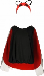 Un perfetto costume da coccinella per bambini a due pezzi, composto da un mantello rosso con pois neri e un cappello con antenne. È la scelta perfetta per varie feste e serate a tema.
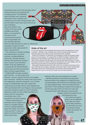 International was one of the licensees which quickly pivoted on recognising the increasing need. “We identified early that there was a growing demand for face coverings and wanted to do our part to keep people safe… Inset: Museums & Galleries has been inspired by key but that didn’t mean they had to be boring,” artworks, while Bravado is supporting the music says marketing community with its executive, Robert Ling. face coverings. “Many of the face masks available were fairly plain, so we wanted to introduce a face covering that would be both recognisable and eye catching, allowing them to really stand out in-store or online thus providing a chance for selfexpression while staying safe for State of the art those wearing them.” It’s not just character and entertainment brands which are appearing on face The company is currently working coverings – lifestyle, music, heritage and museum brands are also proving popular thanks to the variety of eye-catching artwork available. with Warner Bros. across its Museums & Galleries, for example, has developed a range showcasing major portfolio, including Batman, works of art and design. The range offers 12 different designs: William Morris’ Superman, Wonder Woman, Strawberry Thief, Edward Lear’s Birds and Owen Jones’ Moresque from the V&A; mineral designs and dinosaurs from the Natural History Museum; Turner, Friends, Rick and Morty, ScoobyMondrian and Norman Adam’s Rainbow Painting from the Tate Gallery; and The Doo, Looney Tunes and Harry Great Wave and Cranes by Hokusai from the British Museum. Potter. It has also added face Meanwhile, Bravado launched its ‘We’ve Got You Covered’ ecommerce site in April, offerings fans reusable, washable, cloth face masks, made in partnership coverings for the Steven Rhodes with artists across the Universal Music Group family. All net proceeds are licence, plus Pac Man and remains supporting the music community through various charity partners. open to future opportunities. TruffleShuffle has been working with Pyramid – as well as BWI and welcome when you can’t express it in a smile.” Difuzed – across a range of licences on reusable Just like any trend, no one knows how long-term face coverings. “Initially the masks went crazy when business will be in the category. For MaskClub, face the regulations were first imposed,” Lucy Cornish, covering designs will continue to be refreshed, just like buyer at TruffleShuffle, tells LSB. “Sales have any other apparel range. “We move with the times,” continued to be pretty strong. I think keeping the says Trevor. “We’re working on packs of five masks, so offering refreshed with new designs is key as people one for every day in terms of school or work, plus may have stocked up early on out of necessity. coverings that go with Halloween costumes and Wearing a mask can look a little intimidating to holiday masks for example. It’s now others and isn’t necessarily just business as usual. something most of the “I don’t think next year is population are used to seeing. going to be any different “I think incorporating fun from right now, there elements such as slogans and will be ebbs and flows wacky or nostalgic designs [in demand] sure, but I on face coverings definitely think there’s at least eases this a little. The Friends’ another 18 months,” he ‘How you Doin’?’ mask was concludes. genius as it kind of gives a warm (and funny) Inset: Pyramid is working with WBCP across its portfolio including Scooby-Doo and Friends.
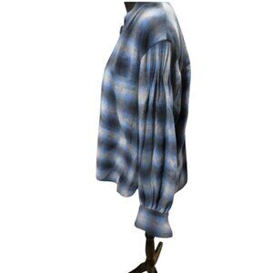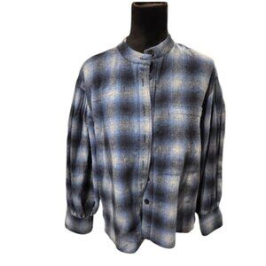 Rebecca Minkoff Blue Plaid Button-Up Mandarin Collar Pleated Sleeves Shirt Small
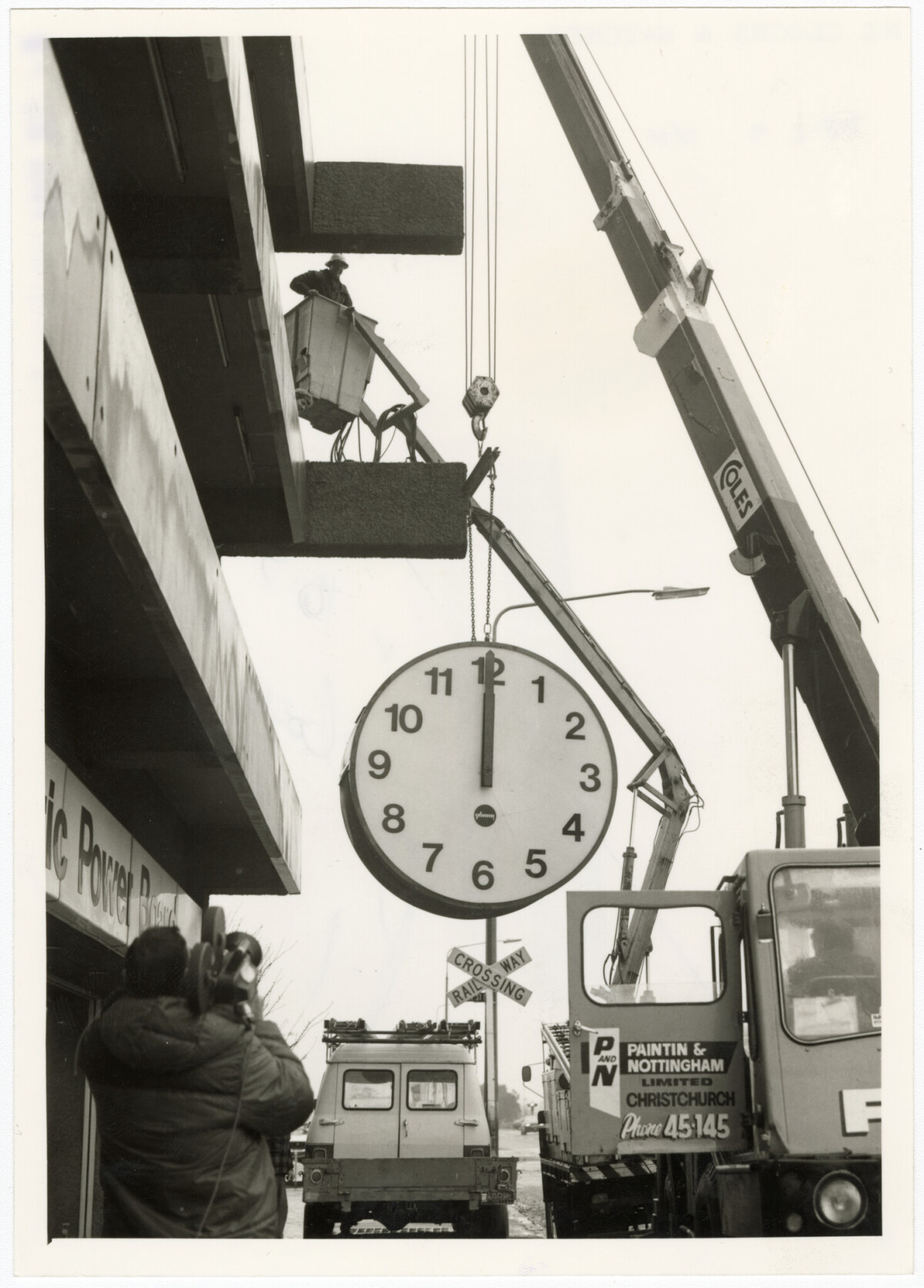Re-installation, following maintenance, of the clock on the Central Canterbury Electric Power Board Main South Road headquarters on the corner of Main South Road and Brynley Street in Hornby.

▶ Work instruction: If the data includes images, skip them and copy every line exactly.

▶ Output for this task:
 Un perfetto costume da coccinella per bambini a due pezzi, composto da un mantello rosso con pois neri e un cappello con antenne. È la scelta perfetta per varie feste e serate a tema.
 International was one of the licensees which quickly pivoted on recognising the increasing need. “We identified early that there was a growing demand for face coverings and wanted to do our part to keep people safe… Inset: Museums & Galleries has been inspired by key but that didn’t mean they had to be boring,” artworks, while Bravado is supporting the music says marketing community with its executive, Robert Ling. face coverings. “Many of the face masks available were fairly plain, so we wanted to introduce a face covering that would be both recognisable and eye catching, allowing them to really stand out in-store or online thus providing a chance for selfexpression while staying safe for State of the art those wearing them.” It’s not just character and entertainment brands which are appearing on face The company is currently working coverings – lifestyle, music, heritage and museum brands are also proving popular thanks to the variety of eye-catching artwork available. with Warner Bros. across its Museums & Galleries, for example, has developed a range showcasing major portfolio, including Batman, works of art and design. The range offers 12 different designs: William Morris’ Superman, Wonder Woman, Strawberry Thief, Edward Lear’s Birds and Owen Jones’ Moresque from the V&A; mineral designs and dinosaurs from the Natural History Museum; Turner, Friends, Rick and Morty, ScoobyMondrian and Norman Adam’s Rainbow Painting from the Tate Gallery; and The Doo, Looney Tunes and Harry Great Wave and Cranes by Hokusai from the British Museum. Potter. It has also added face Meanwhile, Bravado launched its ‘We’ve Got You Covered’ ecommerce site in April, offerings fans reusable, washable, cloth face masks, made in partnership coverings for the Steven Rhodes with artists across the Universal Music Group family. All net proceeds are licence, plus Pac Man and remains supporting the music community through various charity partners. open to future opportunities. TruffleShuffle has been working with Pyramid – as well as BWI and welcome when you can’t express it in a smile.” Difuzed – across a range of licences on reusable Just like any trend, no one knows how long-term face coverings. “Initially the masks went crazy when business will be in the category. For MaskClub, face the regulations were first imposed,” Lucy Cornish, covering designs will continue to be refreshed, just like buyer at TruffleShuffle, tells LSB. “Sales have any other apparel range. “We move with the times,” continued to be pretty strong. I think keeping the says Trevor. “We’re working on packs of five masks, so offering refreshed with new designs is key as people one for every day in terms of school or work, plus may have stocked up early on out of necessity. coverings that go with Halloween costumes and Wearing a mask can look a little intimidating to holiday masks for example. It’s now others and isn’t necessarily just business as usual. something most of the “I don’t think next year is population are used to seeing. going to be any different “I think incorporating fun from right now, there elements such as slogans and will be ebbs and flows wacky or nostalgic designs [in demand] sure, but I on face coverings definitely think there’s at least eases this a little. The Friends’ another 18 months,” he ‘How you Doin’?’ mask was concludes. genius as it kind of gives a warm (and funny) Inset: Pyramid is working with WBCP across its portfolio including Scooby-Doo and Friends.
 Rebecca Minkoff Blue Plaid Button-Up Mandarin Collar Pleated Sleeves Shirt Small
Re-installation, following maintenance, of the clock on the Central Canterbury Electric Power Board Main South Road headquarters on the corner of Main South Road and Brynley Street in Hornby.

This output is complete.